• EXERCISE AIM: In the copy you make of the entries, no picture should appear, and every word must match.

• DATA EXTRACTS:
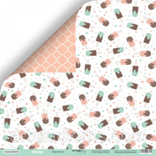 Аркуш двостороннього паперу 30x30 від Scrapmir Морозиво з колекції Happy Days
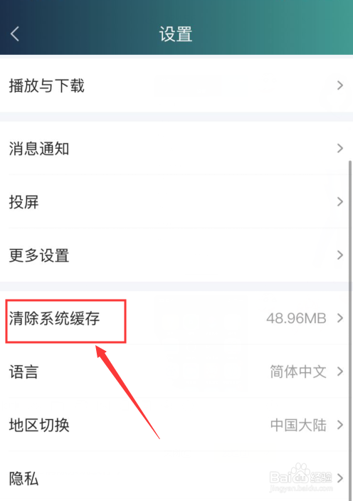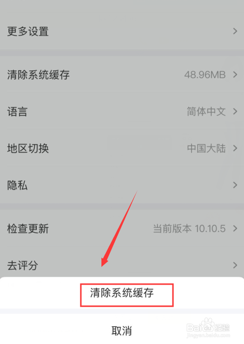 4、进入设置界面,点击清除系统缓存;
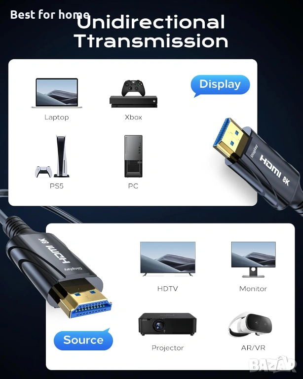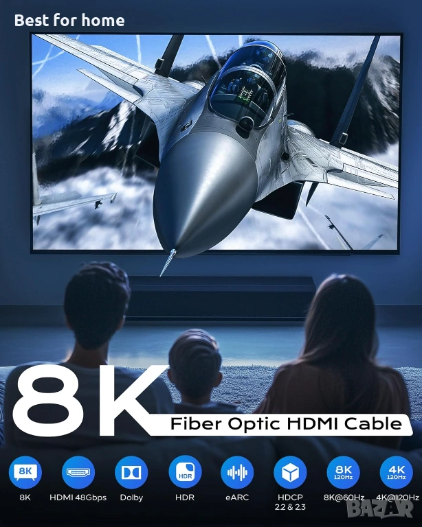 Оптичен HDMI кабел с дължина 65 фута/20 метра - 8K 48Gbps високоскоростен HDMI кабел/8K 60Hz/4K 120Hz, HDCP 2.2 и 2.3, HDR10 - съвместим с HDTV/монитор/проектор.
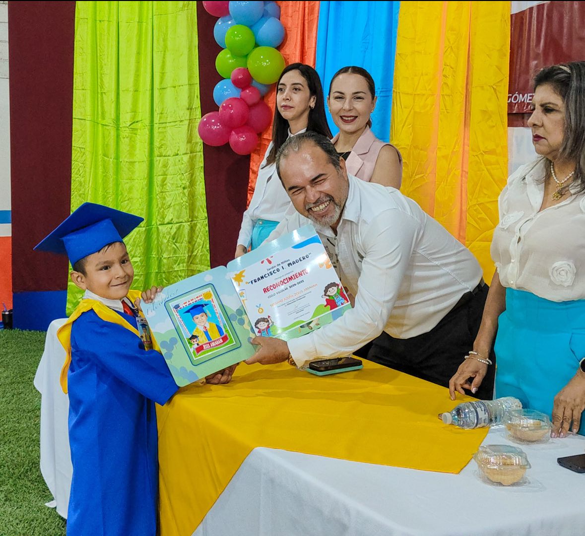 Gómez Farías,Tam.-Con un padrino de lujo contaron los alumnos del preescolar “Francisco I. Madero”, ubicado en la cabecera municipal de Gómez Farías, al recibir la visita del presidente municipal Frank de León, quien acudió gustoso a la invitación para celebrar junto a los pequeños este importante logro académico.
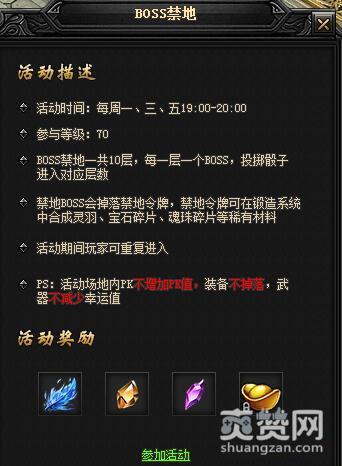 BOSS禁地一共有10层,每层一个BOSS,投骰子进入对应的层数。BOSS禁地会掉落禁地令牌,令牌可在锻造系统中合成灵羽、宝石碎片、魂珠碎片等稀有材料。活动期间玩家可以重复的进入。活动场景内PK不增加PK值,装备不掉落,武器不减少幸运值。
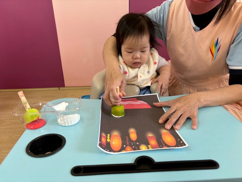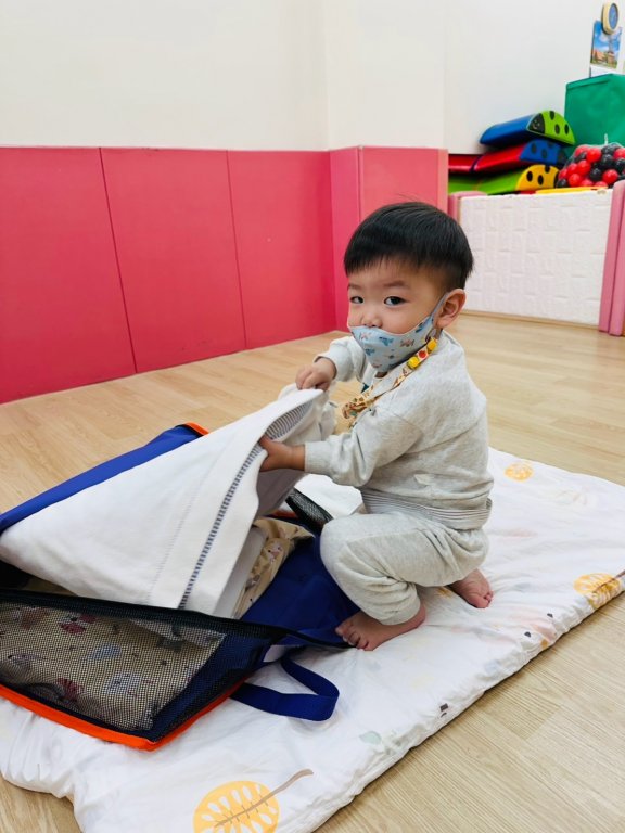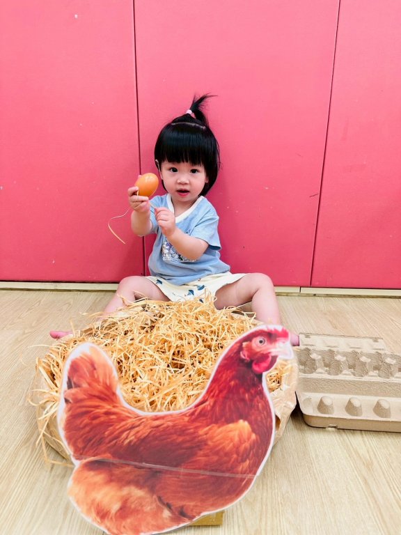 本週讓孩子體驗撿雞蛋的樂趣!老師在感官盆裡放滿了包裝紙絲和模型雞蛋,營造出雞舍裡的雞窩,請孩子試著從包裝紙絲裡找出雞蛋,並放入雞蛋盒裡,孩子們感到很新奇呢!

• SOLUTION FOR THIS EXERCISE:
 Аркуш двостороннього паперу 30x30 від Scrapmir Морозиво з колекції Happy Days
 4、进入设置界面,点击清除系统缓存;
 Оптичен HDMI кабел с дължина 65 фута/20 метра - 8K 48Gbps високоскоростен HDMI кабел/8K 60Hz/4K 120Hz, HDCP 2.2 и 2.3, HDR10 - съвместим с HDTV/монитор/проектор.
 Gómez Farías,Tam.-Con un padrino de lujo contaron los alumnos del preescolar “Francisco I. Madero”, ubicado en la cabecera municipal de Gómez Farías, al recibir la visita del presidente municipal Frank de León, quien acudió gustoso a la invitación para celebrar junto a los pequeños este importante logro académico.
 BOSS禁地一共有10层,每层一个BOSS,投骰子进入对应的层数。BOSS禁地会掉落禁地令牌,令牌可在锻造系统中合成灵羽、宝石碎片、魂珠碎片等稀有材料。活动期间玩家可以重复的进入。活动场景内PK不增加PK值,装备不掉落,武器不减少幸运值。
 本週讓孩子體驗撿雞蛋的樂趣!老師在感官盆裡放滿了包裝紙絲和模型雞蛋,營造出雞舍裡的雞窩,請孩子試著從包裝紙絲裡找出雞蛋,並放入雞蛋盒裡,孩子們感到很新奇呢!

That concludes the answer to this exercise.